Yates and others say they bring a solution to Texas’ electricity challenges that is water-wise, fast to deploy, and matches market needs.
“Where the opportunity lies now for solar is in this conversation,” says Carrie Cullen Hitt, senior vice president of state affairs at the Solar Energy Industries Association (SEIA). “How can solar help with some of these major issues staring Texas in the face?”
Some 64 megawatts of solar were built in Texas last year, ranking the state 10th for new capacity. But oh, the potential. The SEIA says Texas could accommodate more than twice the solar generation capacity of any other state. Its rooftops alone could host 60,000 megawatts.
The solar development that has occurred in Texas so far is driven largely by municipal utilities, such as Austin Energy, responding to “specific civic interest,” says Hitt.
Though it has plenty of sunshine, Texas lacks a broad policy to spur the solar industry. It has not shied away from the other leading renewable energy source, however.
In 1999, under then-Gov. George W. Bush, Texas enacted a pioneering renewable energy mandate that propelled the state—blessed with the best wind resources in the country—toward wind-energy leadership. An expanded renewable energy mandate and a mechanism for driving construction of transmission lines connecting the state’s windy west with urban demand centers contributed to a decade-long wind bonanza.

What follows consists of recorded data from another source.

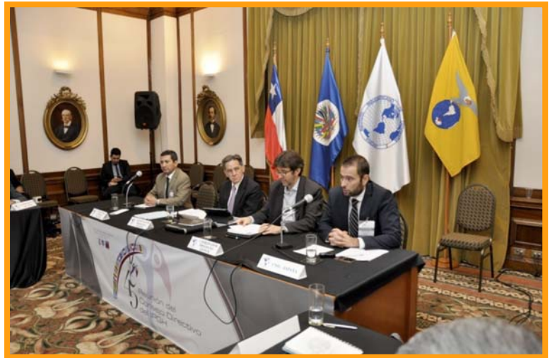
El Director del CNIG a la derecha de la imagen durante su intervención

Asimismo, se aprovechó la ocasión para celebrar el 7.º encuentro GeoSUR en la que el representante del CNIG expuso el nuevo proyecto para el año 2015 consistente en la elaboración del Mapa Integrado Andino del Norte.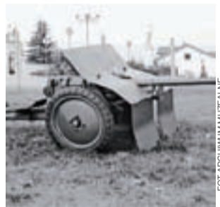
Armaty Bofors 37 mm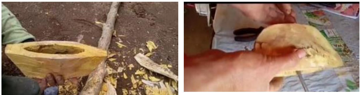
Gambar 3: Kolotok kayu

Kolotok kayu biasanya berbahan dasar kayu nangka pemilihan kayu nangka ini berdasarkan kekuatan kayu yang awet dan tahan lama serta mudah dibentuk menjadi kolotok . Mang Dira selaku petani di Desa Sadananya menggunakan kolotok dari kayu nangka ini, penggunaan kolotok kayu agar bisa menghasilkan suara dibantu dengan besi sehingga dapat menghasilkan timbre suara kolotok kayu .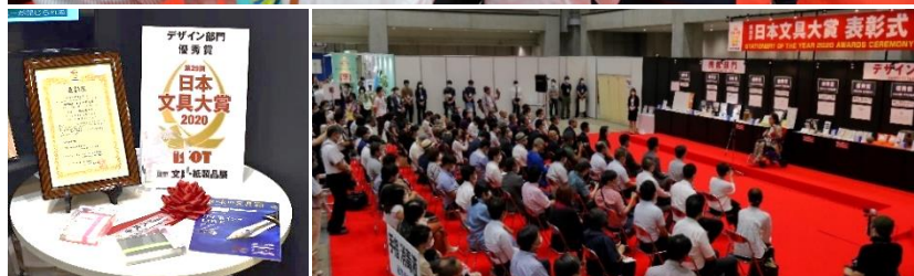
＜出展製品と会場の様子＞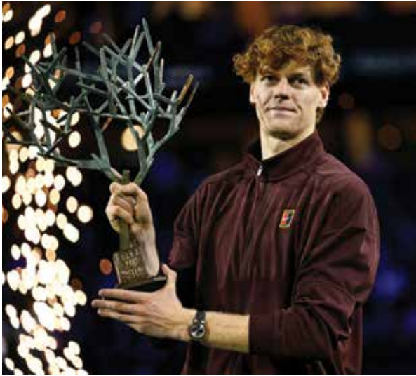
O سينر.

المنجز. وأضاف آل حسن «نولي اهتماما كبيرا بالفئات السنية، وفقا لأهداف الاتحاد المتزامنة مع استراتيجية اللجنة الأولمبية والبارالمبية السعودية، كونها

Texas had more than 10.4 gigawatts of commercial wind turbines in operation that supplied 9.2 percent of the state’s electricity in 2012. On a windy evening in February of this year, wind generation supplied a record 28 percent of electricity used in the three-quarters of the state managed by the Electric Reliability Council of Texas (ERCOT), which operates the state’s grid and manages its deregulated electricity market.

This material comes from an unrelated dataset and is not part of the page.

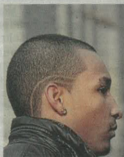
Uno dei lavori di Emma Ciceri

A PORDENONE. Sono oltre un migliaio i visitatori de 'La bottega del sacro di Tiburzio Donadon: il maestro e Giancarlo Magri, l'ultimo garzone', fino al 25 gennaio nel Convento di san Francesco. A corredo dell'iniziativa che documenta 100 anni di arte sacra a Pordenone, sabato 18 un convegno su 'Il cardinale Celso Costantini', per far conoscere alle nuove generazioni il grande patrimonio artistico delle nostre terre.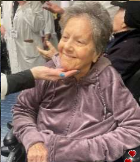
Un San Valentino speciale per gli ospiti della Pelucca

Despite that, Texas—one of the few states in the country with growing electricity demand—faces generation capacity shortages.
On Wednesday, ERCOT confirmed its earlier prediction of an abnormally hot summer, with electricity demand likely to break a record set in August 2011, and edging uncomfortably close to total available generation. The ERCOT asks people to conserve power when the grid is nearing its limit, and again faces “the possibility of rotating outages if needed to protect the grid” in extreme conditions, ERCOT executive advisor Kent Saathoff said in a statement.